▸ Required work: Reproduce each line from the records that holds "size".

Data items
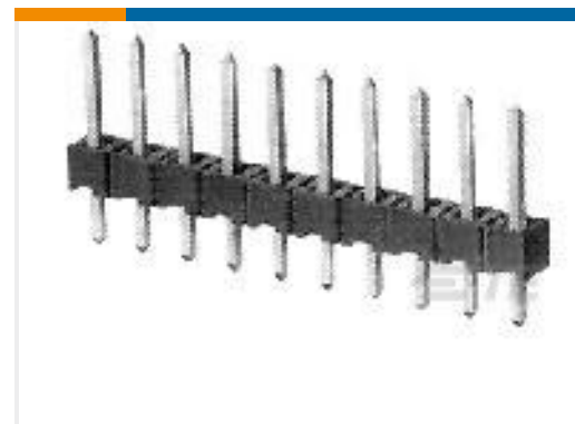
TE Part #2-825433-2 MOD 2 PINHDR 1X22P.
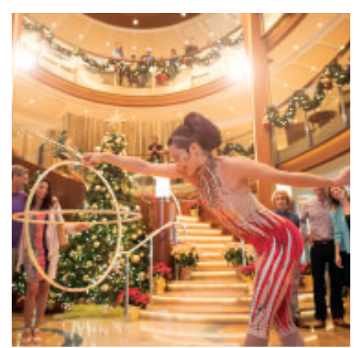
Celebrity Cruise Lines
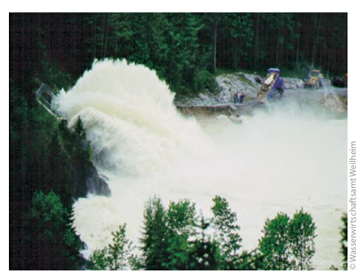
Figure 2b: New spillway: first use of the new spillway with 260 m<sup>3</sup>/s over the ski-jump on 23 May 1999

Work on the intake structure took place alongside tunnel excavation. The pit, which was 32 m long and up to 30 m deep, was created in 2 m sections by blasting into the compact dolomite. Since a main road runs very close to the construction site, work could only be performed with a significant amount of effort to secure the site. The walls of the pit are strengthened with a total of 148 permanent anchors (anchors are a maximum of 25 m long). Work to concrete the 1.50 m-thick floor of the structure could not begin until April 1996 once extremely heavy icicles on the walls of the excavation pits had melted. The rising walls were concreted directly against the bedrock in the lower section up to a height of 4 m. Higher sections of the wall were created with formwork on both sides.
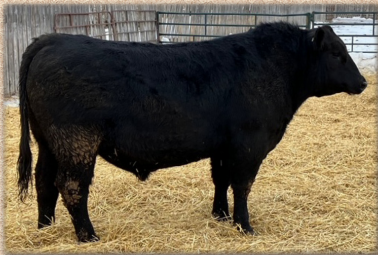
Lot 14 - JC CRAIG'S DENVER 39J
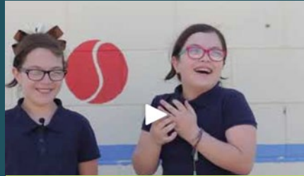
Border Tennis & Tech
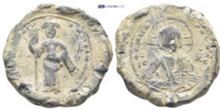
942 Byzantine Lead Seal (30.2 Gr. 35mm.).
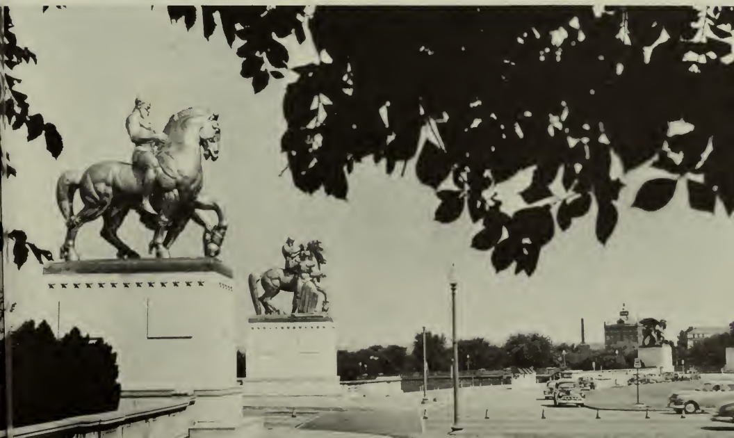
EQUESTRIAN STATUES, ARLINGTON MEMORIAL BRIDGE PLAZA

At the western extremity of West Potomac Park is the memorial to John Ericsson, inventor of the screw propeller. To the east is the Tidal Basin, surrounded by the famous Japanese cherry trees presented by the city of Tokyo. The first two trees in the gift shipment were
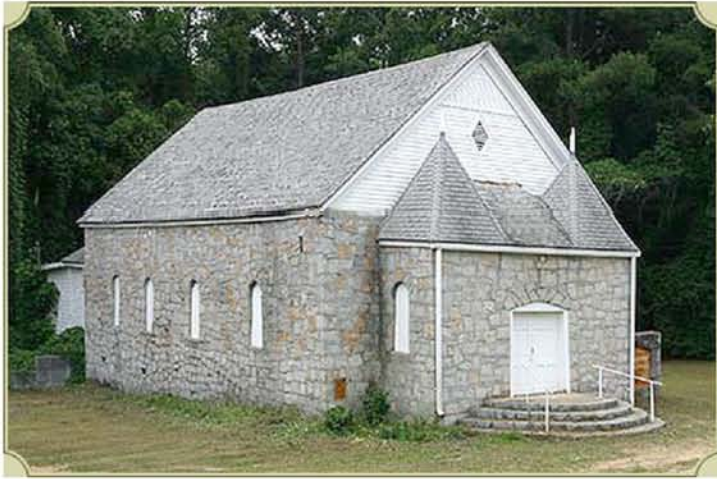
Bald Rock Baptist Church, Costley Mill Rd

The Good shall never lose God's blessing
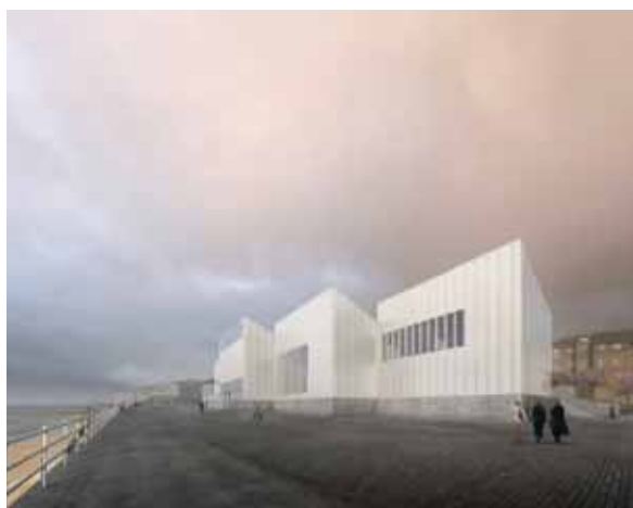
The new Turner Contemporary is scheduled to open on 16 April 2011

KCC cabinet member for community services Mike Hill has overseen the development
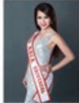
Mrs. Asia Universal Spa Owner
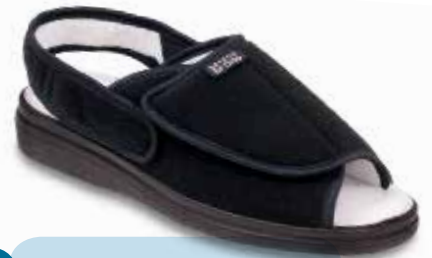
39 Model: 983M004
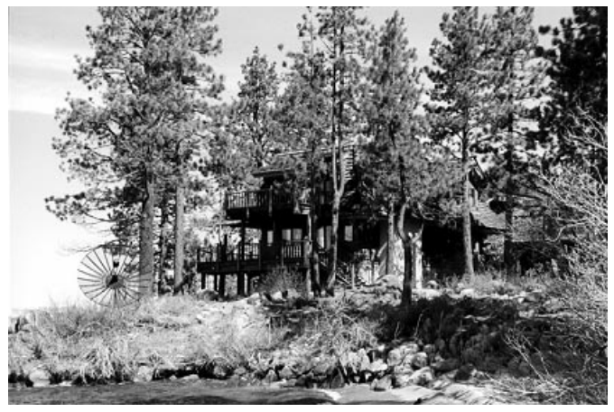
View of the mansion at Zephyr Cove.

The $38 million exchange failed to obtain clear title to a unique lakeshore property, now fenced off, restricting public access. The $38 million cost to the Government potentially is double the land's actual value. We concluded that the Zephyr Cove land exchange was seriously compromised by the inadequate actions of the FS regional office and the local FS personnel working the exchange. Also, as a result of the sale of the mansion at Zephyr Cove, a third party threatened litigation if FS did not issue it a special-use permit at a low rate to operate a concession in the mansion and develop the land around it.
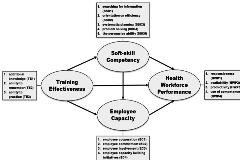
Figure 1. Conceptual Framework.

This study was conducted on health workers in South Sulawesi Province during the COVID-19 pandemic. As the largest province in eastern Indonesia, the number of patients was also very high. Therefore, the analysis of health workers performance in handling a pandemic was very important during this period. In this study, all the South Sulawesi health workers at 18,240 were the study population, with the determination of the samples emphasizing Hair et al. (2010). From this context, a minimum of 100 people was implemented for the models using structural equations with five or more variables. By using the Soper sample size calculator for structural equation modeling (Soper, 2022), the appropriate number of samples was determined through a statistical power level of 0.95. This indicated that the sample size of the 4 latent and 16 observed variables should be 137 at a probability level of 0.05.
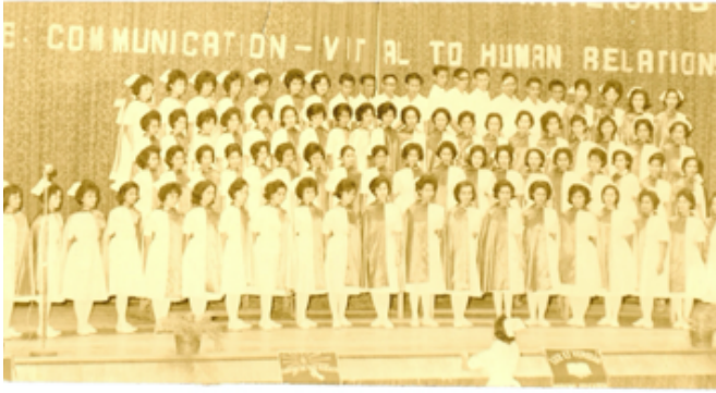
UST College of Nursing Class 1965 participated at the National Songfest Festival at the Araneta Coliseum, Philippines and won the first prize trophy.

* * *

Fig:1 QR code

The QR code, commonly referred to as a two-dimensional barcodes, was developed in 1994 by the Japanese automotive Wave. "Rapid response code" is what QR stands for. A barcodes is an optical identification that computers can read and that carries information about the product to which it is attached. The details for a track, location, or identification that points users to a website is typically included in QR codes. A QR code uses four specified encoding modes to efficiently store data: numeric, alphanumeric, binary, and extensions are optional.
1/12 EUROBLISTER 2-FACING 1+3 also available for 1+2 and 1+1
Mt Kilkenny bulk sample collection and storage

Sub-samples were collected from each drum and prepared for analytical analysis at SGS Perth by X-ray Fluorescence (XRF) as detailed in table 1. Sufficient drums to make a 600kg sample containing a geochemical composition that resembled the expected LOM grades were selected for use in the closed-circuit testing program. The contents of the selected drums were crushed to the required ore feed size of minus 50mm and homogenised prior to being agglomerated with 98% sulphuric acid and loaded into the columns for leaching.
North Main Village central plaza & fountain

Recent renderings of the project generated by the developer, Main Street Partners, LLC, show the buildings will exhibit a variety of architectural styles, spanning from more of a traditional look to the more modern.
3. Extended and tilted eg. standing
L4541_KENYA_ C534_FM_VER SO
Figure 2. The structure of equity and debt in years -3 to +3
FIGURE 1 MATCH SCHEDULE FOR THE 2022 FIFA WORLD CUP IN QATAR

▸ Output of the task:
This study was conducted on health workers in South Sulawesi Province during the COVID-19 pandemic. As the largest province in eastern Indonesia, the number of patients was also very high. Therefore, the analysis of health workers performance in handling a pandemic was very important during this period. In this study, all the South Sulawesi health workers at 18,240 were the study population, with the determination of the samples emphasizing Hair et al. (2010). From this context, a minimum of 100 people was implemented for the models using structural equations with five or more variables. By using the Soper sample size calculator for structural equation modeling (Soper, 2022), the appropriate number of samples was determined through a statistical power level of 0.95. This indicated that the sample size of the 4 latent and 16 observed variables should be 137 at a probability level of 0.05.
Sub-samples were collected from each drum and prepared for analytical analysis at SGS Perth by X-ray Fluorescence (XRF) as detailed in table 1. Sufficient drums to make a 600kg sample containing a geochemical composition that resembled the expected LOM grades were selected for use in the closed-circuit testing program. The contents of the selected drums were crushed to the required ore feed size of minus 50mm and homogenised prior to being agglomerated with 98% sulphuric acid and loaded into the columns for leaching.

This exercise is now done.